Критики брюзжали, чтобы было ожидаемо, но все равно довольно странно. В конце концов, книжные магазины использовали слово «любимая». Это очень личное слово. Никто и никогда не говорил, что это синоним для «лучшая». Но хор критиков поливал желчью результаты опросов, как ужасный вердикт общественному вкусу Британии, которой был дан драгоценный дар демократии, а она промотала его на совершенно неприемлемый выбор. Были намеки на заговор среди мохноногих фэнов. Но еще был другой посыл. Он звучал как: «Мы годами пытались вам рассказать, какие книги хороши! А вы просто не слушаете! Вы просто нас не слушаете. Вы просто идете и покупаете эту проклятую книгу! И, что хуже всего, мы не можем вас остановить! Мы можем сказать, что это мусор, что она незначима, что это худший вид эскапизма, что она написана автором, который никогда не ходил на наши вечеринки и ему было плевать на наше мнение, но к сожалению закон позволяет вам не слушать! Вы дураки, дураки, дураки!»
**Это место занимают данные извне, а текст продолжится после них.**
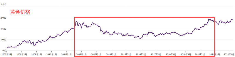 二是2006年-2012年,金价从500多美金涨到近2000美金,也是涨了3倍多。随后,2012年金价在接近2000美金的位置见顶,随后一路跌到1000多美金,跌幅近50%。直到2021年才重回2000美金,这个过程经历了10年。

И снова никто не слушал. Вместо этого, через пару лет, в национальной газете было проведено голосование, результатом которого стали пять современных работ помимо пятидесяти «шедевров» последней тысячи лет. И, да, среди них снова был «Властелин колец».

Мона Лиза тоже была в списке пятидесяти шедевров. И, признаюсь, я подозреваю, что многие проголосовали за нее чисто инстинктивно, слегка нечестно, но с хорошими намерениями. Быстро, быстро, назовите одно из величайших произведений искусства последней тысячи лет! Эм… эм… ну, Мона Лиза, конечно. Ладно, ладно, а вы видели Мону Лизу? Стояли перед ней? Ее улыбка вас зачаровала, ее глаза преследовали вас по всему залу и до самого отеля? Эм… нет, не так чтобы… но, ух, ну, это же Мона Лиза, да? Вы должны включить Мону Лизу. И того парня с фиговым листком. И безрукую женщину.

Это тоже своего рода честность. Это голос за хороший вкус ваших сограждан и предков. Джо Обыватель знает, что проголосовать за картину с собаками за покерным столом скорей всего не самое разумное решение, когда речь идет об истории в тысячи лет.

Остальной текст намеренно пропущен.